Sometimes unrelated changes can have a surprising impact :) For that reason, as a general rule we don't provide any upstream support for Linux Kernels with custom patches.

Beyond the custom kernel changes, I'm also curious if a modern kernel resolves your problem as there have been some changes related to queue management since v5.10 was released. As Richard already mentioned, that kernel is quite old.

And I have the vmcore so if you think there's something to look there I can look it up.

At the very least the line numbers of the stacktrace would be helpful.

Also I'm curious about the intention of the wake_up in kauditd_thread was it to wake everyone or only one at a time.
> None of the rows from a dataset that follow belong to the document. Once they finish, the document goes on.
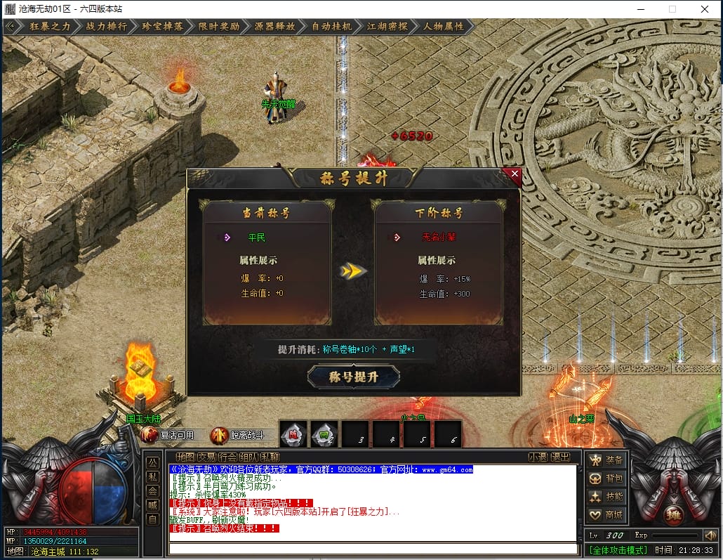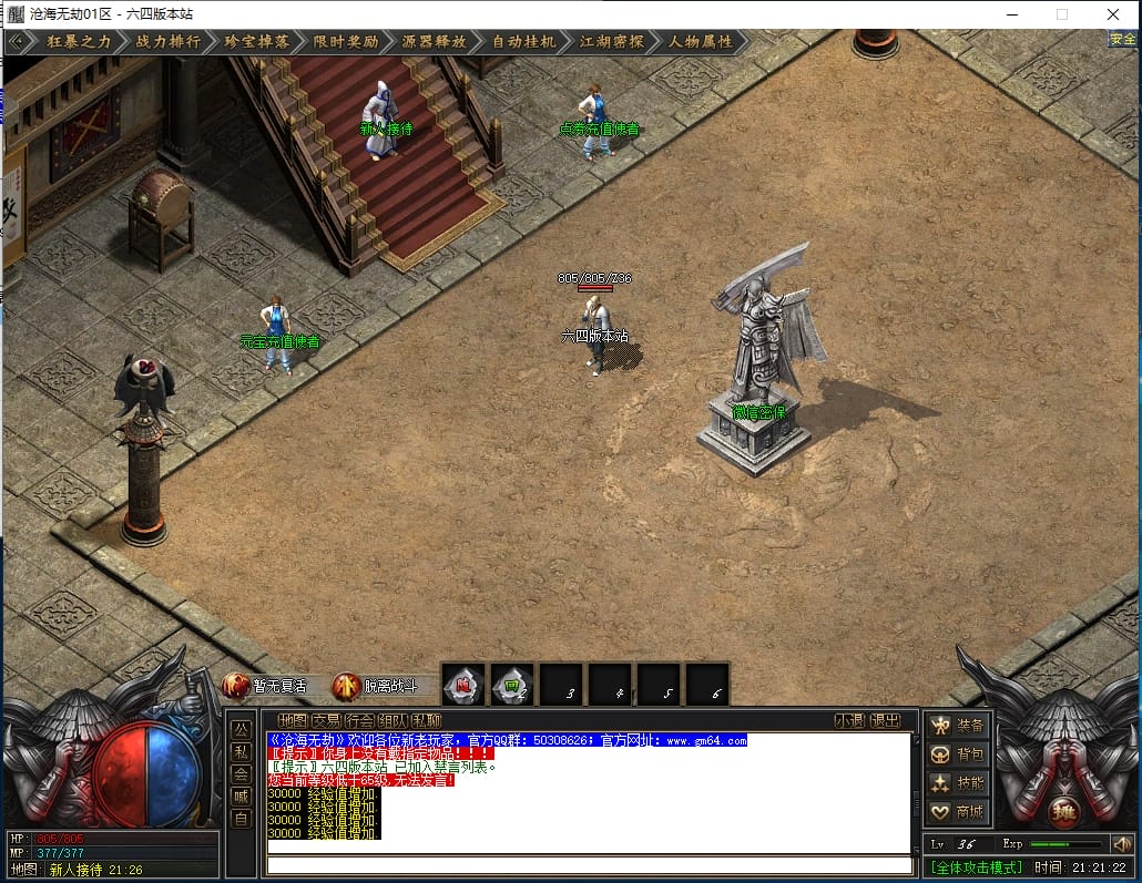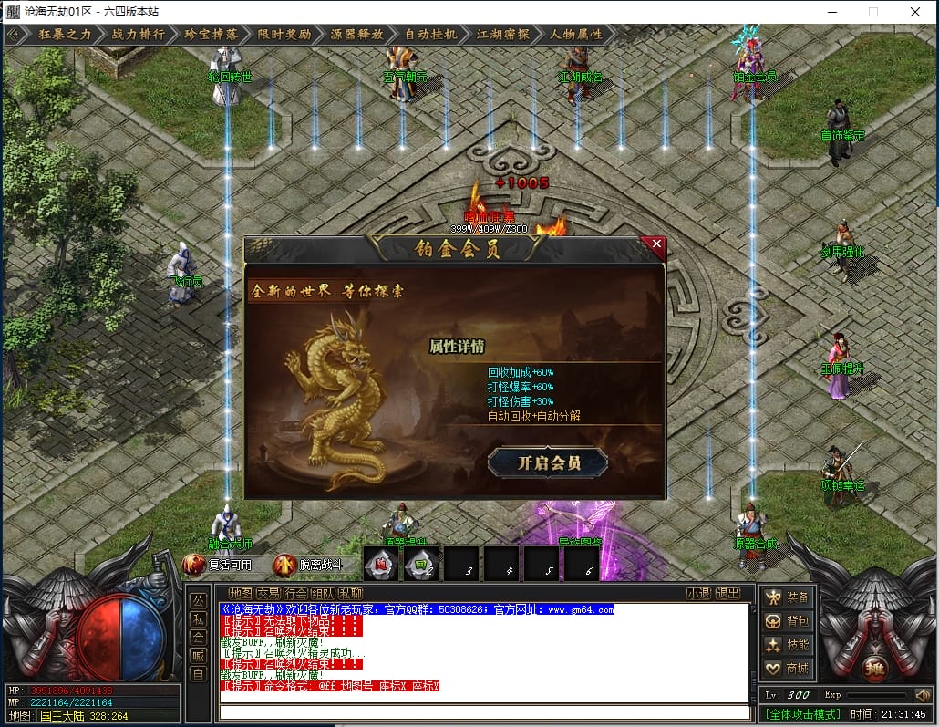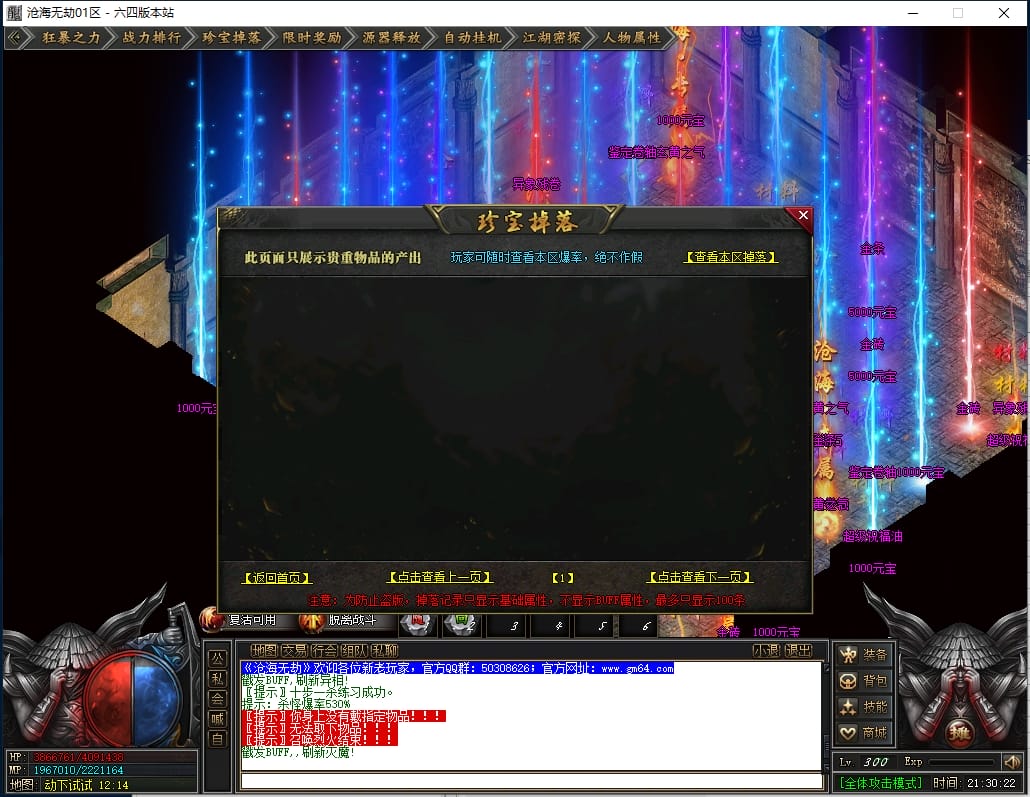总计:1050点券+38W元宝 《优势:爆率加成,自动回收,回收加成,搬砖必备》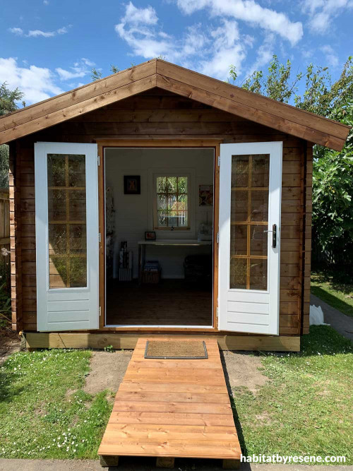 Liz painted the interior of the shed in crisp, clean Resene White and protected the timber flooring with Resene Qristal ClearFloor and added some other mod cons.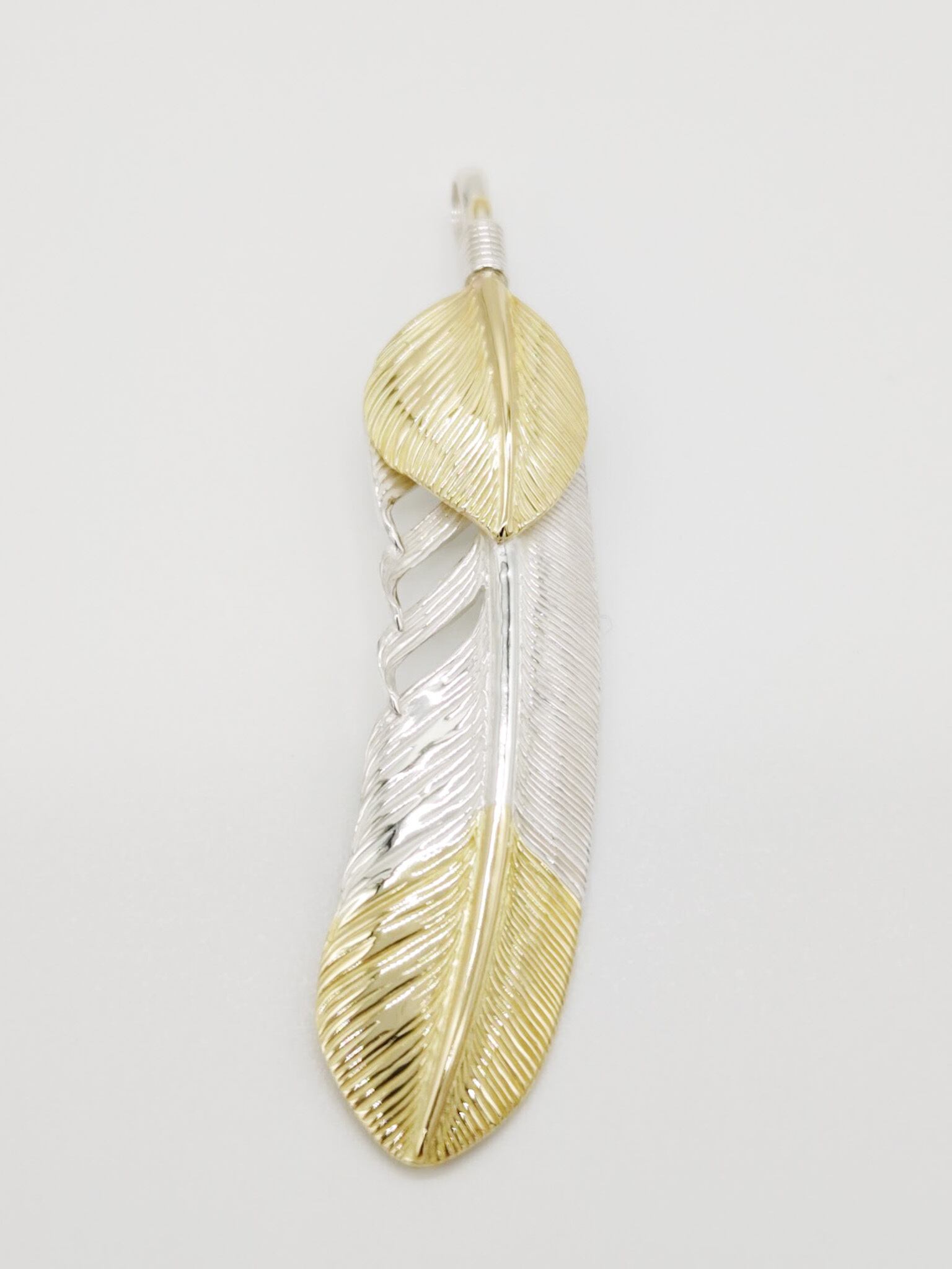 羽先がゴールド素材になっている通称先金フェザーに銀コイルで金ハートフェザーをあしらった贅沢な一枚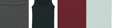Sleeveless. 1x1 rib binding at neck collar and armhole with narrow double topstitch. Inside back neck tape in self-fabric. Bottom hem with narrow double topstitch. Women's, fitted, sleeveless, scoop neck. 100% organic ringspun combed cotton. Single Jersey. Fabric washed.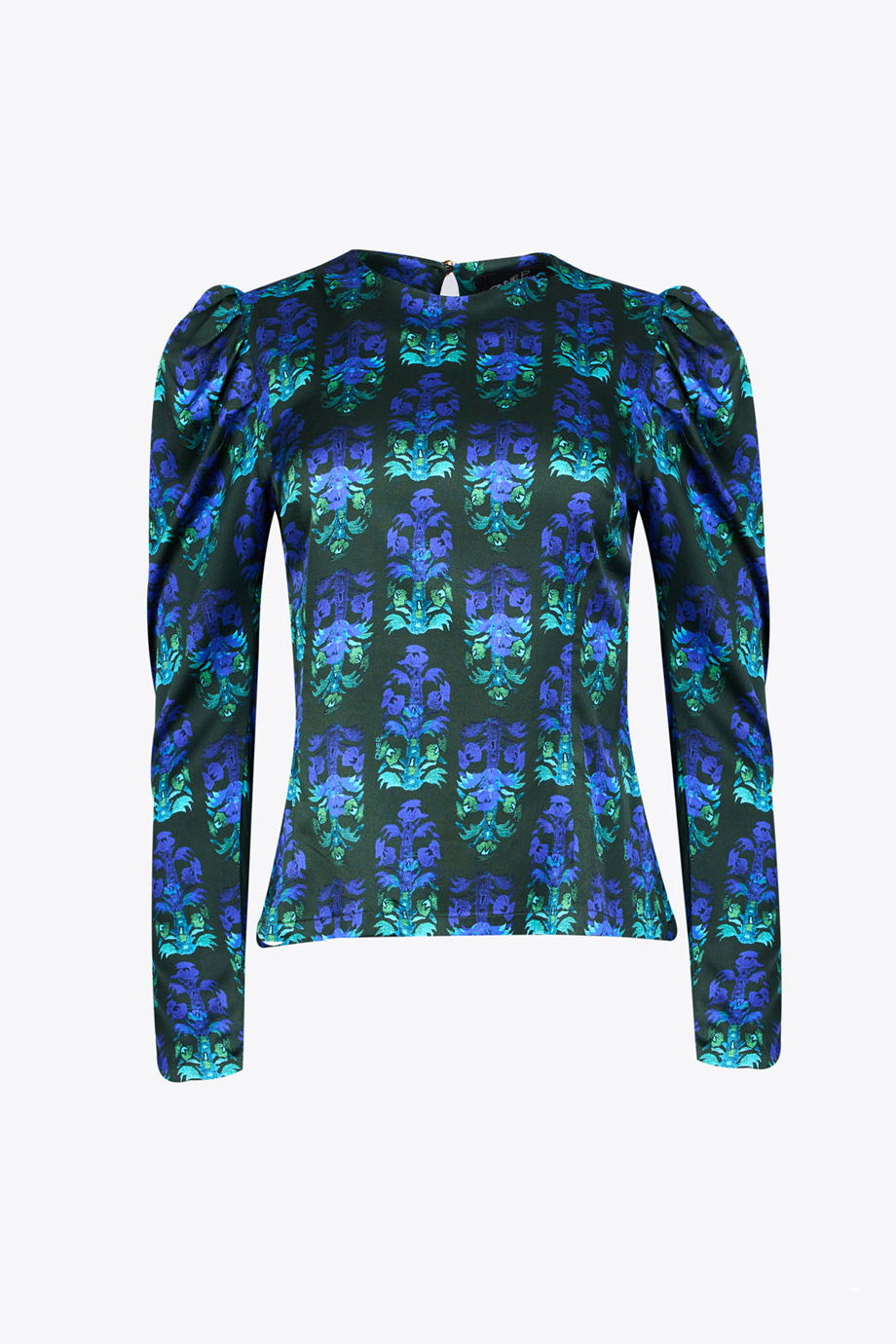 Make a bold fashion statement with this blouse. Painted in a serene palette of blue and green,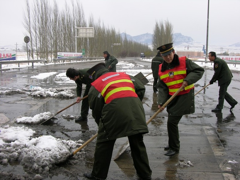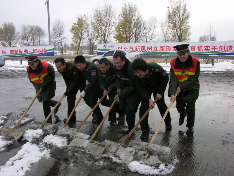 一是根據(jù)下雪時間調(diào)整除雪方案。1日上午一直在下雪,考慮到此時人工除雪效果不大,站領導決定采取灑布融雪劑的方法進行除雪,對收費車道、收費廣場、院內(nèi)重點場所揮灑融雪劑,杜絕了積雪增多、結冰的現(xiàn)象。下午雪停后,則采取了人工除雪的方案。
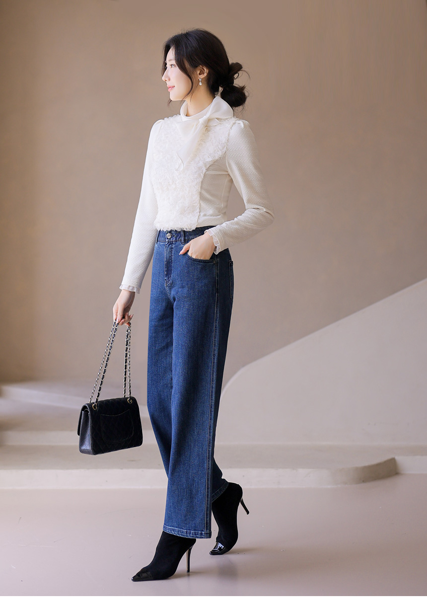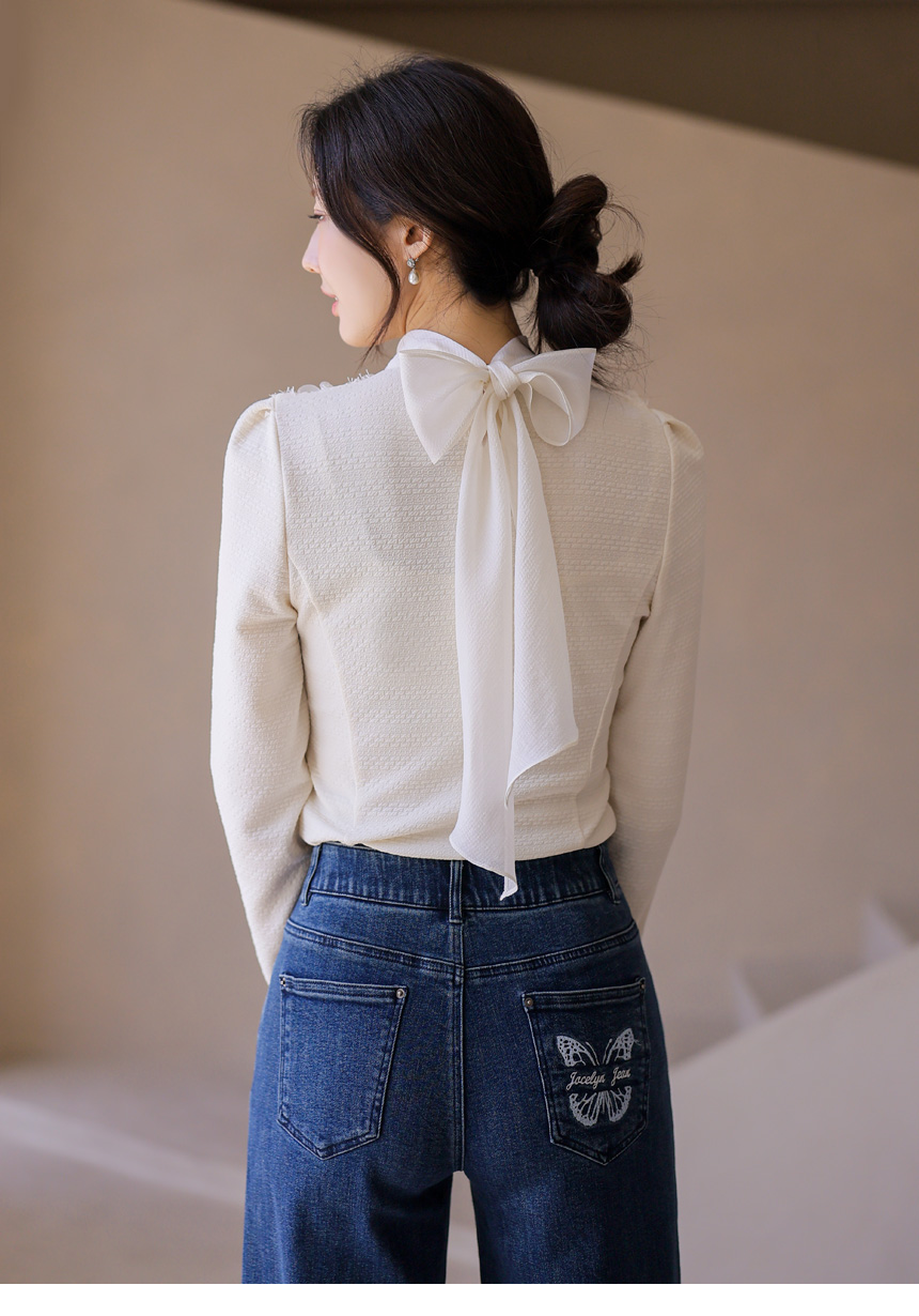 • [LouisAngel] リボンタイ フリルジャガードレースプルオーバー bl42811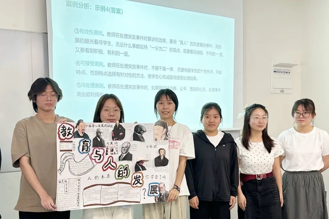 这门课程虽然看似晦涩,但也涉及部分哲学和心理学的内容。心态的变化和生活息息相关,也影响着未来的教育教学。周晓丹认为,老师和学生是平等的关系,生动鲜活的课堂更容易打开学生的心房。经常组织读书会、小组讨论及汇报,争取让每位学生都能参与其中,丰富多彩的师生互动,让学生们重塑认知,表达内心,用更加积极健康的方式看待自己,了解他人。
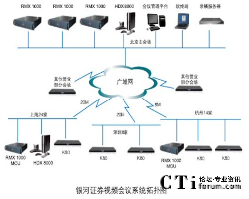 銀河證券視頻會議系統(tǒng)采用寶利通視頻會議產品,在銀河證券北京總部中心機房配備寶利通新一代實時媒體會議平臺 RMX 1000 MCU和高清錄播服務器;在上海和杭州也分別配置了RMX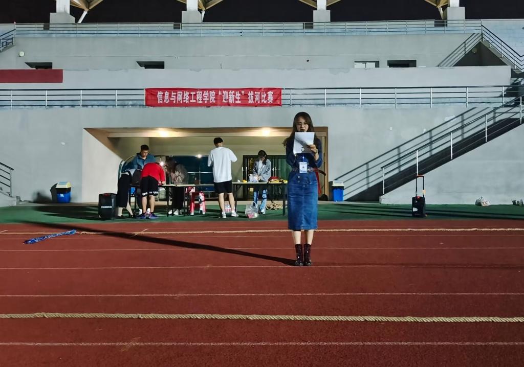 为促进2022级新生之间的交流,丰富学生的课余文化生活。9月24日晚,信息与网络工程学院在龙湖风雨操场举办第六届“新生杯”拔河比赛,本次比赛由网络工程211班王艺陶主持,2022级全体新生参与。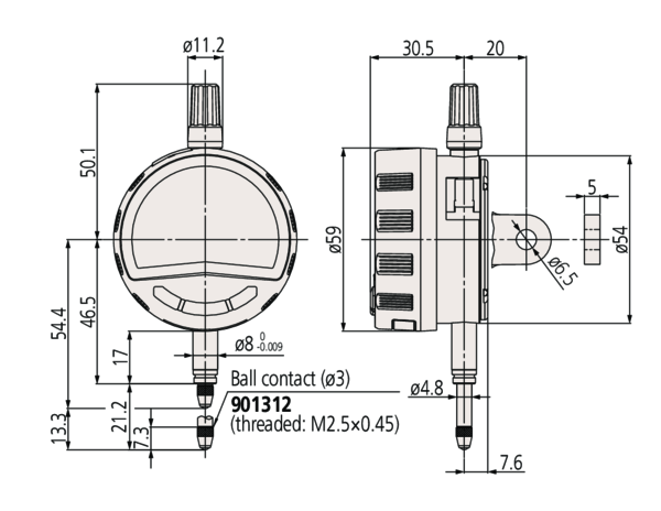 ; Mass [g]: 170; Range [mm]: 12.7; Power supply report: 1 battery CR2032; Battery life: Approx. 2700 hours (continuous use); Type: EN ISO Standard; Inch-Metric: Metric; Delivered: Including CR2032 battery, battery lid opener, weight, certificate of inspection; Contact point: Carbide ball, thread: M2.5×0.45; Digital/Analog: Digital; H MPE (Hysteresis): 0.002 mm; R MPE (Repeatability): 0.002 mm; Stem ?: 8 mm; Max. Permissible Error E MPE: 0.003 mm; Digital step: 0.0005 mm/0.001 mm/0,01mm; Display: LCD, character height 11 mm, 330? rotatable; Low voltage alarm: Low voltage, setting errors, sensor error, display overflow a.s.o.; Max. response speed [mm/s]: Unlimited; Protection: IP42; Digimatic data output: Yes; Inch/Metric switchable: No; Max. Permissible Error E MPE (Total Range): 0.003 mm; Measuring force MPL: 0.4-0.7 N; Measurement frequency (MAX/MIN/RANGE): 50 times/s; Digital Scale: Electrostatic capacitance type absolute linear encoder; Analog bar resolution switchable: Yes; Digital step switchable: Yes; Digimatic S1 Bidirectional interface: Yes;Product Link: https://shop.mitutoyo.eu/web/mitutoyo/en/mitutoyo/1300442458734/Digital%20Indicator%20ID-C/$catalogue/mitutoyoData/PR/543-705/index.xhtml

There was some discussion about waking blocked processes recently on the audit mailing list:

tuxoko commented 1 year ago
crash> bt -l 188152
PID: 188152  TASK: ffff8f6e30ecdac0  CPU: 8   COMMAND: "rsync"
 #0 [ffffa6218ab6bc68] __schedule at ffffffff95a00af6
    /usr/src/debug/kernel-5.10.168/linux-5.10.168-1.nutanix.20230215.el7.x86_64/kernel/sched/core.c: 3797
 #1 [ffffa6218ab6bcf8] schedule at ffffffff95a00f3f
    /usr/src/debug/kernel-5.10.168/linux-5.10.168-1.nutanix.20230215.el7.x86_64/arch/x86/include/asm/bitops.h: 206
 #2 [ffffa6218ab6bd18] schedule_timeout at ffffffff95a049bf
    /usr/src/debug/kernel-5.10.168/linux-5.10.168-1.nutanix.20230215.el7.x86_64/kernel/time/timer.c: 1878
 #3 [ffffa6218ab6bd98] audit_log_start at ffffffff9516e338
    /usr/src/debug/kernel-5.10.168/linux-5.10.168-1.nutanix.20230215.el7.x86_64/kernel/audit.c: 1886
 #4 [ffffa6218ab6be20] audit_log_start at ffffffff9516e5af
    /usr/src/debug/kernel-5.10.168/linux-5.10.168-1.nutanix.20230215.el7.x86_64/kernel/audit.c: 1856
 #5 [ffffa6218ab6be48] audit_log_name.constprop.0 at ffffffff95174b00
    /usr/src/debug/kernel-5.10.168/linux-5.10.168-1.nutanix.20230215.el7.x86_64/kernel/auditsc.c: 1404
 #6 [ffffa6218ab6be98] audit_log_exit at ffffffff951751db
    /usr/src/debug/kernel-5.10.168/linux-5.10.168-1.nutanix.20230215.el7.x86_64/kernel/auditsc.c: 1644
 #7 [ffffa6218ab6bee0] __audit_syscall_exit at ffffffff95176ba0
    /usr/src/debug/kernel-5.10.168/linux-5.10.168-1.nutanix.20230215.el7.x86_64/kernel/auditsc.c: 1794
 #8 [ffffa6218ab6bf18] syscall_exit_to_user_mode at ffffffff959f7c62
    /usr/src/debug/kernel-5.10.168/linux-5.10.168-1.nutanix.20230215.el7.x86_64/include/linux/audit.h: 340
 #9 [ffffa6218ab6bf38] do_syscall_64 at ffffffff959f3ae5
    /usr/src/debug/kernel-5.10.168/linux-5.10.168-1.nutanix.20230215.el7.x86_64/arch/x86/entry/common.c: 56
#10 [ffffa6218ab6bf50] entry_SYSCALL_64_after_hwframe at ffffffff95c000a9
    /usr/src/debug/kernel-5.10.168/linux-5.10.168-1.nutanix.20230215.el7.x86_64/arch/x86/entry/entry_64.S: 132
pcmoore commented 1 year ago

Ah, I see this is a Nutanix kernel build. Do you work for Nutanix or are you a customer/user? If the former, you should definitely read the mail archive link I posted above.

tuxoko commented 1 year ago

Yeah, I noticed just now. I work for different team than Eiichi and we use different build, but it does seem very similar.